An angry anthem of seagulls
and swallows trapped in the splintered sirens
of exhausted ambulances
scurrying along the wailing squares
that ominous pigeons
and blood thirsty phantoms
of the pandemic
have repossessed.
***
I hold my heart tight
put my long quivering ears
to the ground
to listen to a piercing bolero of joy
in the sudden silence
of earth’s astral moves
as humanity goes
hiding in the hellholes of Boccaccio’s
human comedy
shedding a sea of tears
large enough for
a million Buddhas to bathe in
and rise remorseless.
***
I hush myself up,
learn to forget my count of corpses
in the sudden blooming
of rhododendrons, poinsettias and blue mimosas
and from my Himalayan rooftop
spot a virgin vision of snow ranges
hidden for decades
beneath dusty branches
of malignant tree that
I watered most
of my early childhood.
***
I hear it,
a shrill whistle cry
of a lammergeyer,
the bone breaker,
in the peak hour
of this early spring,
a festive trilling
and the squawking of invisible angels
a rhapsody
of squint-eyed ravens,
spiny babblers
white-crested laughing thrushes,
warblers and
blood-beaked green parrots
along with a shrill
chorus of hyenas and jackals
returning home
after a hiatus of a lifetime
to bathe
in the sparkling waters
of glacier-fed rivers
beyond barricades
of the locked down
nations of the world.
From my rooftop
I fear for their lives
these feral things
lying asleep for hours
as if turned into
a lump of sullen meat
crushed under
some gorilla tyres
of a wayward truck
or a supply vehicle.
Quiet
quarantined
small
smelly blurs
under empty flyovers
or vacant zebra crossings
warming their
damp lives
on the asphalt
of freshly pitched roads
for smooth
stately visits of dignitaries.
Exhausted after
restlessly sniffing for crumbs
dropped by
some wayward charity,
I see them
slumber into
a resigned voyage
to the netherworld
motionless with
the drooping inertia
not a limb moving
or an alert ear
twitching
to reassure life
unafraid of
surveillance trucks
or some emergency
ambulances hooting though
the fiendish silence
of highways that
might just crush
them into a squashed
little mound
of dead meat
shattering
their innocent,
stone soup
faith in the humanity
of this century’s
most eloquent
scoundrels.
–Yuyutsu Sharma
I sleep alone in my room
a rod of brutish pain piercing
through my headpiece.
I sleep alone in the dark
not knowing how to deal with
this sudden upsurge
of an impending gloom,
a feel of being trapped
in the hands of a ruthless despot
racing over
the fields of humanity’s joy.
Three days I sleep alone
wondering if it will ever go away.
I wrap my head in a woolen scarf,
drink hot turmeric water, chew basil leaves,
recite my secret mantras that
illustrious monkey grammarian
bestowed on our ancestors.
I summon up the healing touches
of ash-smeared Naga Sadhus,
wear amulets possessing
dynamos of mysterious cures,
three-mouthed rudrakshras,
taweez with breaths of Peer Babas trapped in them.

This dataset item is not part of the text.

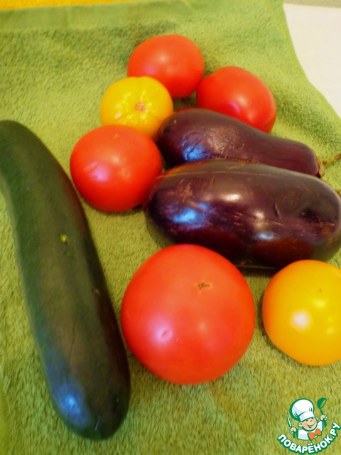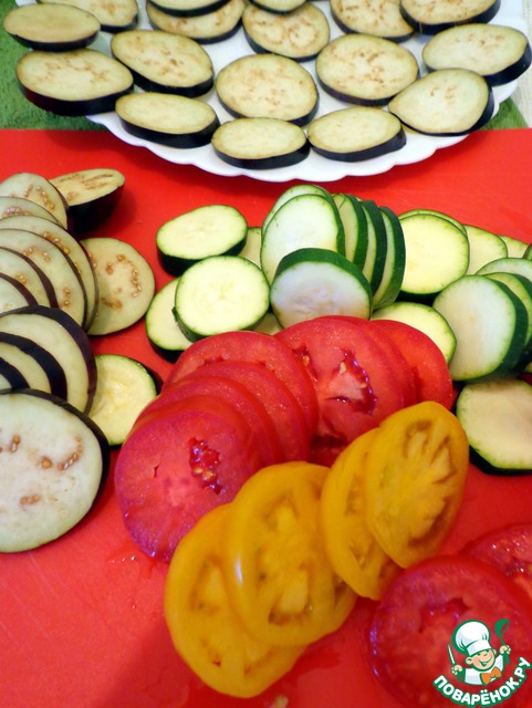 Всё нарезаем кружочками. Баклажаны немного (!) посолить и оставить минут на 20-30. Когда из них выделится сок, обсушить бумажным полотенцем.

I sprinkle water from the muddled bottles
stored in the family shrine decades after
my mother brought them
from the banks of the Ganges.
I lie down like a giant lizard curled up
in my thorny scales of a frantic throbbing
and on the third night open my eyes
and see him standing above my bedpost —
his white cotton turban shining,
his tall towering frame filling the long dalan
with the effulgence of his presence.
I present my head to him ,
“Here, Bauji, touch it, in the centre, see, see!”
so he can tousle it
and blow the sheaths of his healing breaths
from his wise lungs on it
like he did in my boyhood,
“Don’t you see it,
a tiny bump on the top, there, there!”
“It’s nothing,” he says, running his fat fingers
over my head, and announces, “You are fine, Ramji,
perhaps you hit your head
against a low ceiling somewhere.”
“You are okay,”
he pats my head again
bends to smell its olive odor
and disappears in the dark of my quarantined night.
I open my eyes, my nostrils releasing
unsullied air from the forests of rhododendrons.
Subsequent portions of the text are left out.